Don't Fear the Resets
Some new news coming out regarding the viability of subprime loans. Everyone thought the resets on these were going to be the problem - at least once rapid appreciation halted. Turns out, there's little reason to worry about resets after all. We should be worried instead whether or not borrows can afford the teaser rates.
From TFA
That's double digit defaults before the year even ended. Could it be that the number of subprime forecloses is still being understated? With a recession coming, is it possible we might see a 50%+ foreclosure rate on subprime loans from 2006-2008?
From TFA
Defaults for subprime loans issued in 2007 - none of which have reset yet - hit 11.2 percent in November.
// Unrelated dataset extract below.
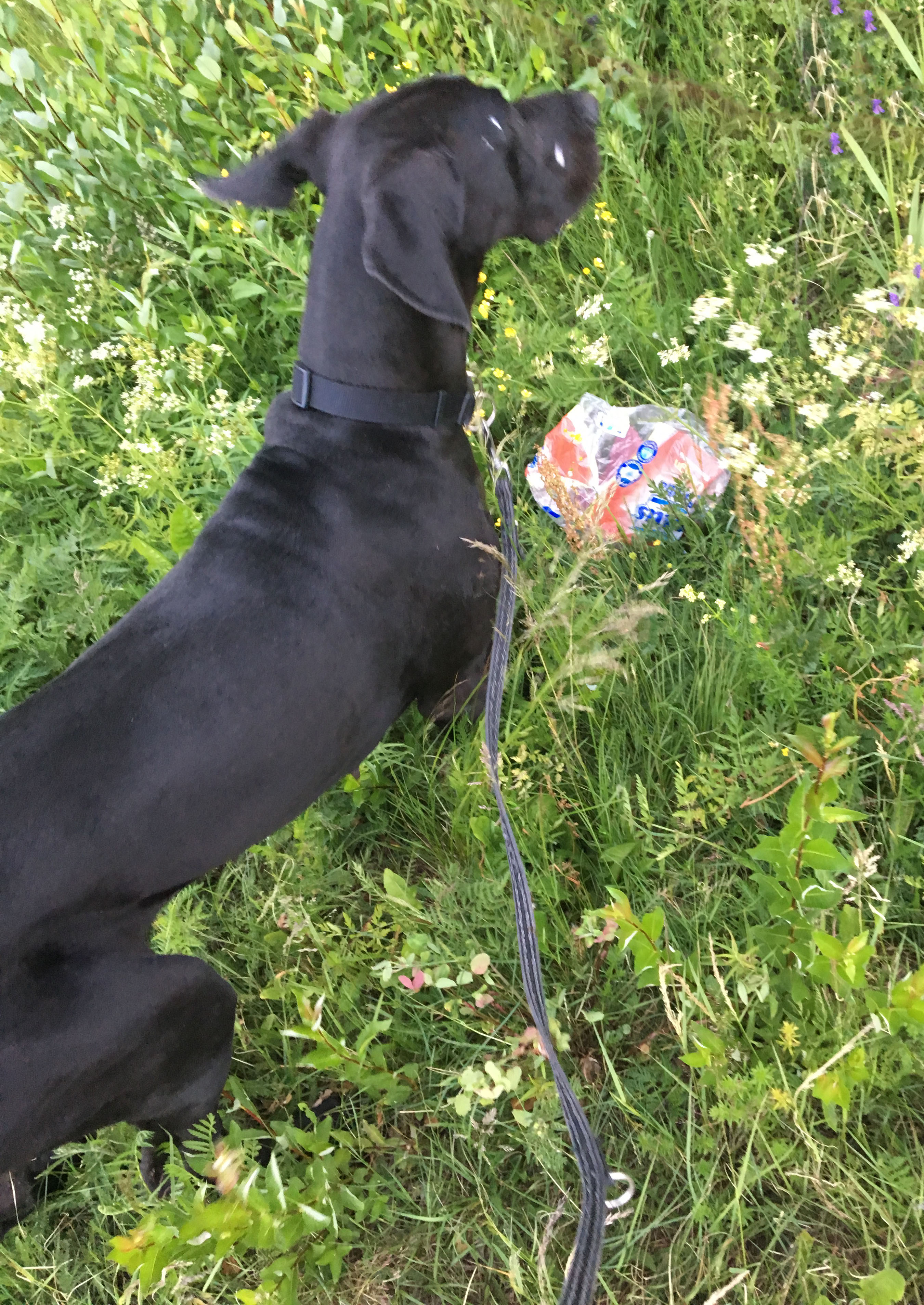 Hihnalenkkejä on yritetty tehdä varovaisesti. Valmiiksi korkeat kierrosluvut tuovat tähänkin vähän omaa maustettaan 😉 Onneksi Nemi-rakas on ihanan perusrauhallinen tapaus, mutta onhan se nyt ihan mahdotonta kun lenkillä ohitettiin muutamilla pihoilla Ihmisiä!! “Äiti näätkö, tuolla on ihminen! Kato! Kato!” .. Ja kun näistä melkein jo selvittiin, oli yhdellä pihalla Jotain Kamalaa! Sitä pysähdyttiin seisomaan – siis pointterityyliin, yksi etujalka ilmassa, korvat tötteröllä katseen hievahtamatta. Minä sitten selittämään: “Kyllä, Nemi-rakas, se on pyykkiteline, ja siinä roikkuu jonkun pyykkejä!” … Mutta kaikista pahin ja suurin esteistä ja haasteista oli jätetty ihan meidän kotipihan lähelle, tien viereen ojaan vaanimaan lenkiltä palaavaa pientä koiranpentua.

That represents perhaps 300,000 households, and is twice the default rate that 2006 loans had 10 months after being issued
That's double digit defaults before the year even ended. Could it be that the number of subprime forecloses is still being understated? With a recession coming, is it possible we might see a 50%+ foreclosure rate on subprime loans from 2006-2008?
Comments
I completely agree. The interest rate itself has little to do with the foreclosure problem. It's all about equity. The less of it you have, the greater the odds you will default.
Thus, it should be no surprise that the most recent home-buyers will have the least amount of equity and therefore the highest incidence of delinquincy (i.e. since national prices are still close to the peak).
Being hit with a large mortgage reset is no big deal if you have sufficient equity. You can just re-finance, or even sell if necessary. It's the people who have no equity cushion that run into trouble.
Math is a dirty mistress.
Well then we are in for some very serious defaults. We need to go get the Christopher Cagan/Firstam Core Logic report from 2006 or early 2007. I will go find it.
http://www.csupomona.edu/~rerc/RERCSC%2 ... .30.07.pdf
He didn't factor in the large price declines seen in bubble cities and he didn't factor in the credit crunch, and the psychology behind the jinglemail decision.
Here are a few of my favorite charts:
http://www.financialsense.com/fsu/edito ... 703.h2.jpg
http://www.generationaldynamics.com/ww2 ... gchart.gif
http://msnbcmedia.msn.com/i/msnbc/Compo ... Chart3.gif
http://mortgage.freedomblogging.com/fil ... -chart.jpg
Those option ARM reset coming in 2010-2011 are nuclear bombs waiting to go off....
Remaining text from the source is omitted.